Услышав наши шаги, дети, игравшие в лесных зарослях, поспешно вскочили на ноги и побежали к дому, как будто вид человека напугал их. Их отступление прикрывали две огромные полудикие собаки с вытянутыми мордами и торчащими ушами, которые при нашем приближении с грозным рычанием выскочили из хижины. Затем на пороге своего жилища показался сам пионер, он быстро и изучающе осмотрел нас, подал знак собакам вернуться в дом и удалился сам, показав им пример и всем своим видом дав понять, что наше появление не вызвало у него ни любопытства, ни беспокойства.
Мы входим в это бревенчатое жилище. Внутри ничто не напоминает крестьянских лачуг Европы; здесь много лишнего и недостает самого необходимого. Единственное окно прикрыто муслиновой занавеской; в глинобитном очаге полыхает огонь, освещающий все внутри; над очагом висит прекрасный нарезной карабин, шкура лани, перья орла; справа от очага развешена карта Соединенных Штатов, которую приподнимает и колышет ветер, дующий сквозь щели в стене; рядом с картой на полке, сооруженной из плохо отесанной доски, несколько книг. Я заметил Библию, шесть первых песен поэмы Милтона и две драмы Шекспира. Вдоль стен вместо шкафов стоят сундуки. В центре комнаты грубо сработанный стол, ножки которого, сбитые еще из свежего, не очищенного от коры дерева, растут, кажется, прямо из пола. На столе я вижу чайник из английского фарфора, серебряные ложки, несколько выщербленных чашек и газеты.
У хозяина дома угловатые черты лица и удлиненные конечности, что выдает в нем жителя Новой Англии.
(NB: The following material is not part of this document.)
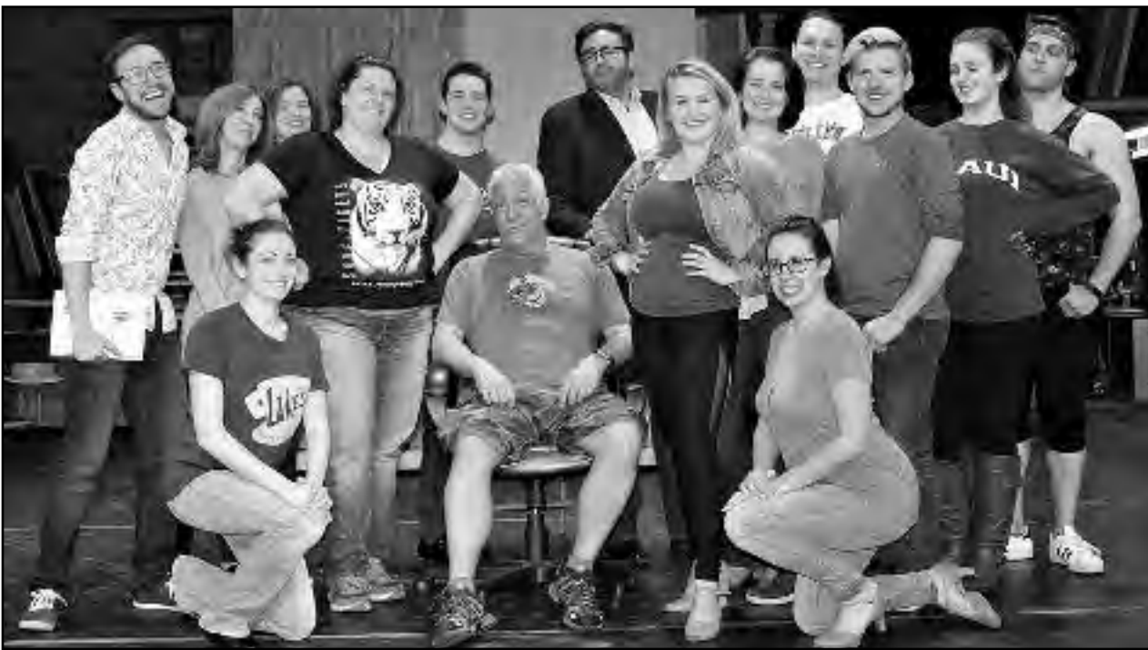
(above) The cast of 9 to 5 The Musical.

Funding has been made possible in part by the NJ State Council on the Arts, Dept. of State, a Partner Agency of the National Endowment for the Arts, through a grant administered by the Union County Office of Cultural & Heritage Affairs

Очевидно, что человек этот родился не в этой глуши, где мы его встретили; уже внешний облик позволяет сделать вывод, что его юные годы прошли в интеллигентной среде и что он принадлежит к той породе беспокойных, деловых и отважных людей, которые хладнокровно делают то, что можно объяснить лишь горением страсти, и которые могут на время отдаться первобытной жизни, чтобы быстрее покорить и цивилизовать пустынные земли.
Увидев, что мы переступили порог его дома, хозяин направился нам навстречу и, как это принято, поздоровался с нами за руку, но при этом лицо его осталось напряженным. Он первым начал расспрашивать нас о том, что происходит в мире, и, удовлетворив свое любопытство, замолк. Казалось, он устал от нашего шума и навязчивости. Пришла наша очередь расспросить его, и он дал все необходимые нам сведения. Затем не спеша и достаточно основательно он начал устраивать нас на ночлег. Видя, что он занят столь приятным для нас делом, мы тем не менее почему-то не испытывали к нему чувства благодарности. Видимо, потому, что, оказывая нам гостеприимство, он как бы подчинился своей участи: он исполнял долг, не ощущая при этом радости.
По другую сторону очага сидит женщина, укачивающая малыша. Не прекращая своего занятия, она делает нам знак головой. Как и хозяин, женщина находится в самом расцвете сил, ее внешний облик не соответствует бедности жизни, а одежда свидетельствует о незатухшем еще желании выглядеть привлекательной. Однако черты лица ее выдают [с. 507] усталость, в глазах застыли нежность и степенность, во всей ее фигуре чувствуется религиозная покорность, умиротворенность чувств и какая-то естественная и спокойная решительность, позволяющая преодолеть все жизненные невзгоды без страха и упрека.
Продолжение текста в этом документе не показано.